• [Problem details]
Take the data below and copy exactly the lines starting at the one with "Matchande armband och ring med nitar" and finishing at the one with "cinematic - rusty", both included.
Top of Material supplied
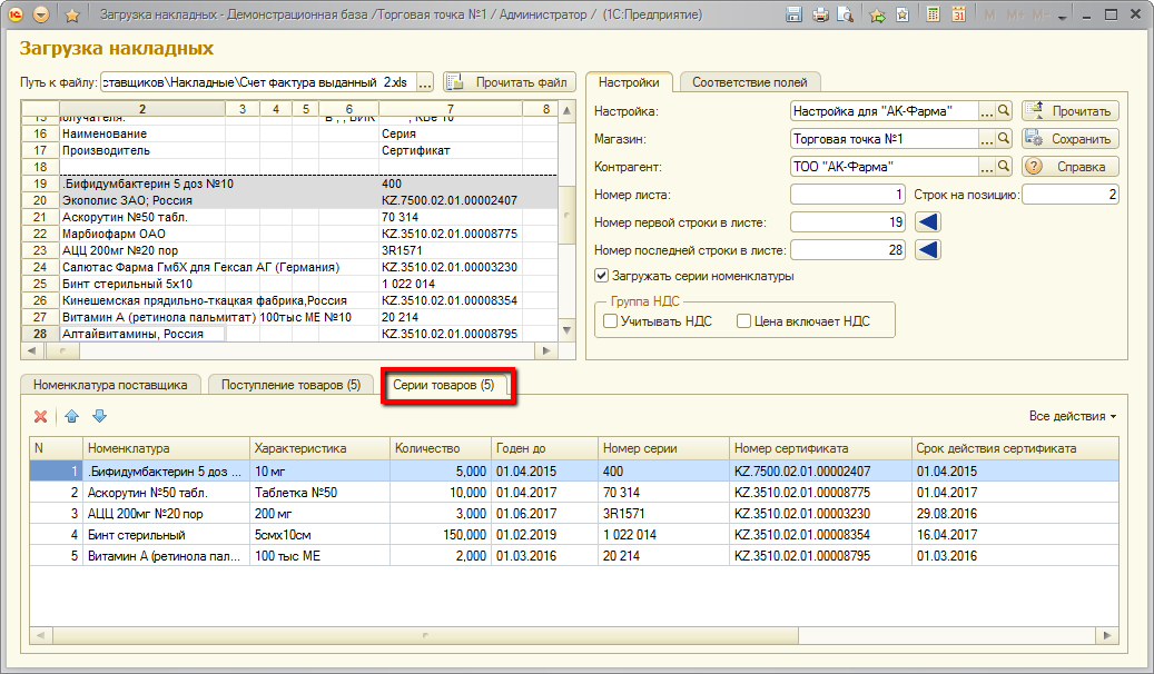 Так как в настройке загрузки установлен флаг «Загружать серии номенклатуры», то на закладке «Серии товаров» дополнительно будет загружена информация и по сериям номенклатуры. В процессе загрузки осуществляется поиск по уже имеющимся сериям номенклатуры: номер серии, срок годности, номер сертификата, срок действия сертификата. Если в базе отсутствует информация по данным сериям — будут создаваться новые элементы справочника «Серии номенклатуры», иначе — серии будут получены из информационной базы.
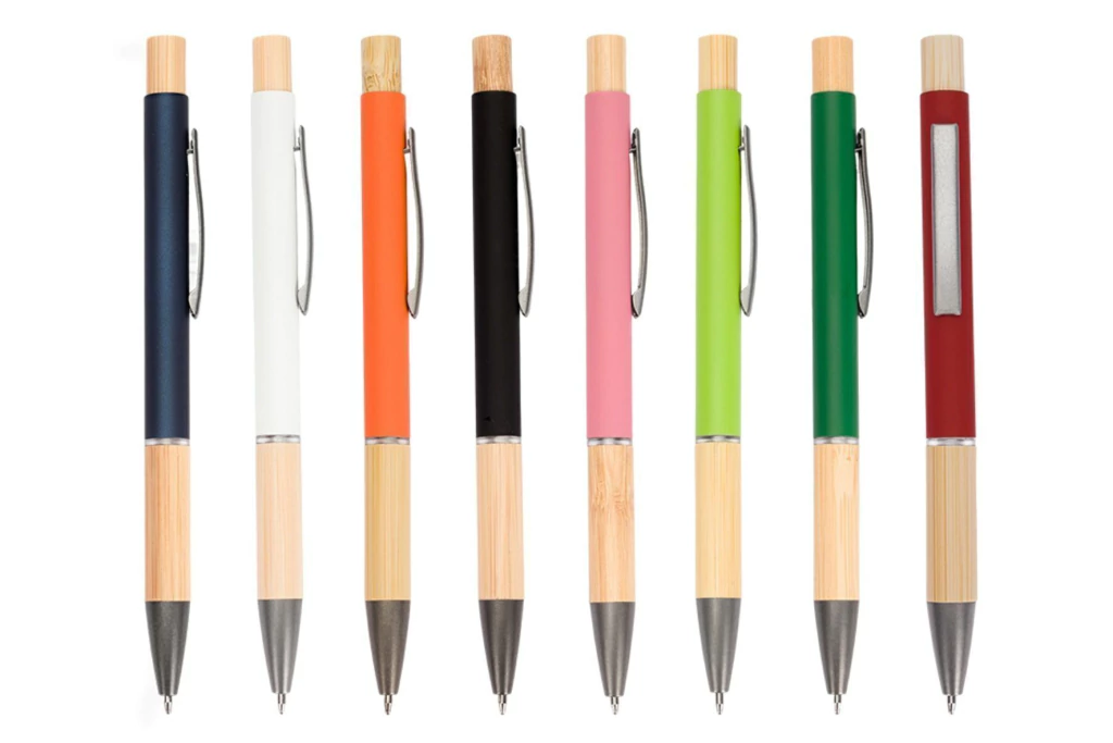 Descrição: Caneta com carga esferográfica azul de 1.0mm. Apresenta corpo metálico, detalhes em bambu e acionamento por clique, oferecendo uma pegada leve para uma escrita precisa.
Bottom of Material supplied
Top of Material supplied
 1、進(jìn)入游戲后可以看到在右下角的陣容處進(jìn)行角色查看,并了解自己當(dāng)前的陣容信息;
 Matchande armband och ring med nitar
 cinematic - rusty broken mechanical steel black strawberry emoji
Bottom of Material supplied
• [Answer to this task]
 Matchande armband och ring med nitar
 cinematic - rusty broken mechanical steel black strawberry emoji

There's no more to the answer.